Science for SEO: Using link structure to fight webspam

November 07, 2008

Using link structure to fight webspam

We are all familiar with webspam but not a lot of people know that it is a classification problem in computing. It's hard to get all of the features right, and difficult to find an efficient classifier.

There's an interesting paper called "Improving Web Spam Classifiers Using Link Structure" by Qingqing Gan and Torsten Suel from the Polytechnic University in Brooklyn,NY.

The usual features used in spam detection are (they provided comprehensive lists):

fraction of words drawn from globally popular words.
fraction of globally popular words used in page, measured as the number of unique popular words in a page divided by the number of words in the most popular word list.
fraction of visible content, calculated as the aggregate length (in bytes) of all non-markup words on a page divided by the total size (in bytes) of the page.
number of words in the page title.
amount of anchor text in a page.
compression rate of the page, using gzip.

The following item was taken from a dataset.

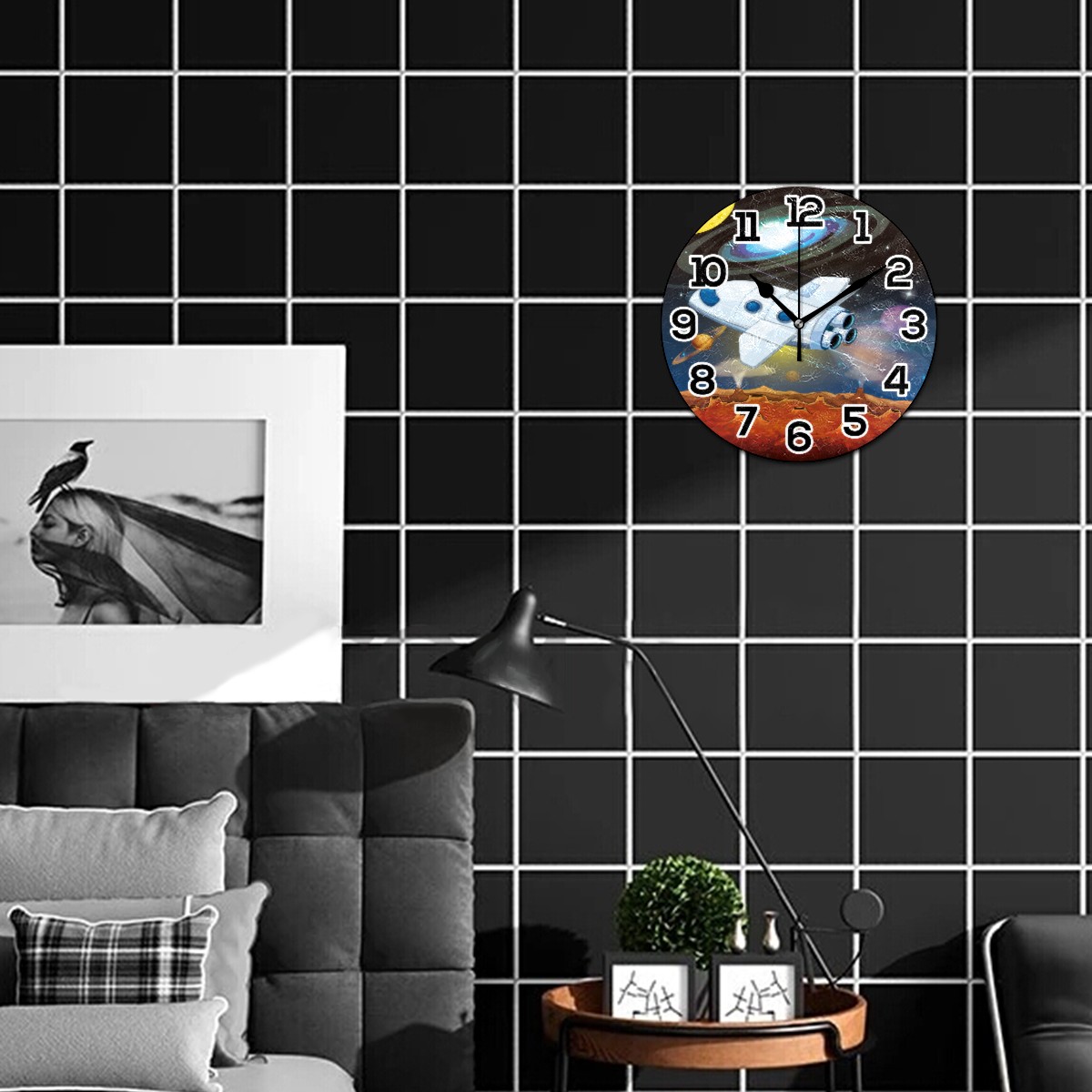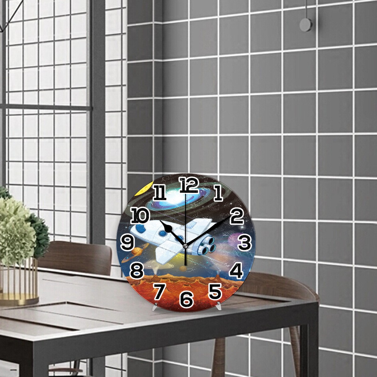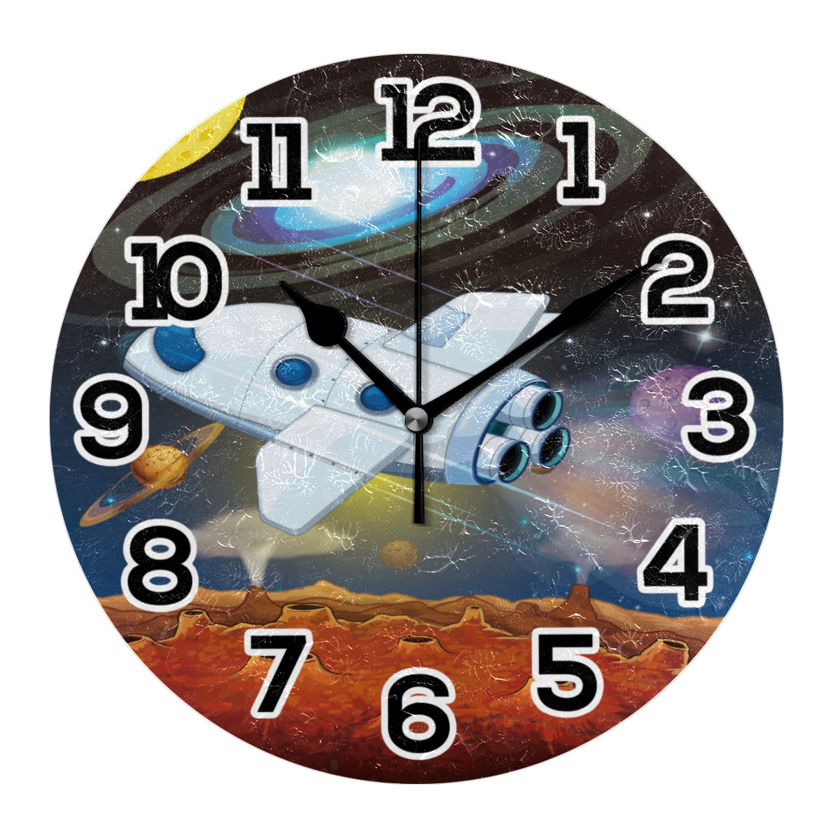 Space Stars Planets With Spaceship Clock Wall Decor Acrylic Decorative Round Battery Operated Wall Clocks for Home Bedroom Living Room Decor Silent Non Ticking

They also calculated the following link features for each site:

percentage of pages in most populated level
top level page expansion ratio
in-links per page
out-links per page
out-links per in-link
top-level in-link portion
out-links per leaf page
average level of in-links
average level of out-links
percentage of in-links to most popular level
percentage of out-links from most emitting level
cross-links per page
top-level internal in-links per page on this site
average level of page in this site

In addition, they added the following:

number of hosts in the domain. We observed that domains with many hosts have a higher probability of spam.
ratio of pages in this host to pages in this domain.
number of hosts on the same IP address. Often spammers register many domain names to hold spam pages.

They used the C4.5 classifier. (This produces a decision tree or a rule set (these are easier to understand), and is a statistical classifier. The trees are built from training sets (which are already classified). I'll add that using C5.0 is considerably faster, has lower error rates and more features.) - Then they used a second classifier and found that the results were far better, it "uses the baseline classification results for neighboring sites in order to flip the labels of certain sites."

Until a really robust and fast method is found, then there will always be the problem of webspam. It pollutes search engines, and annoy users no end. I hope to see a lot more work in this area in the future. It's not my area of expertise, although classification methods are similar to those I use but I find it really interesting and worthwhile research.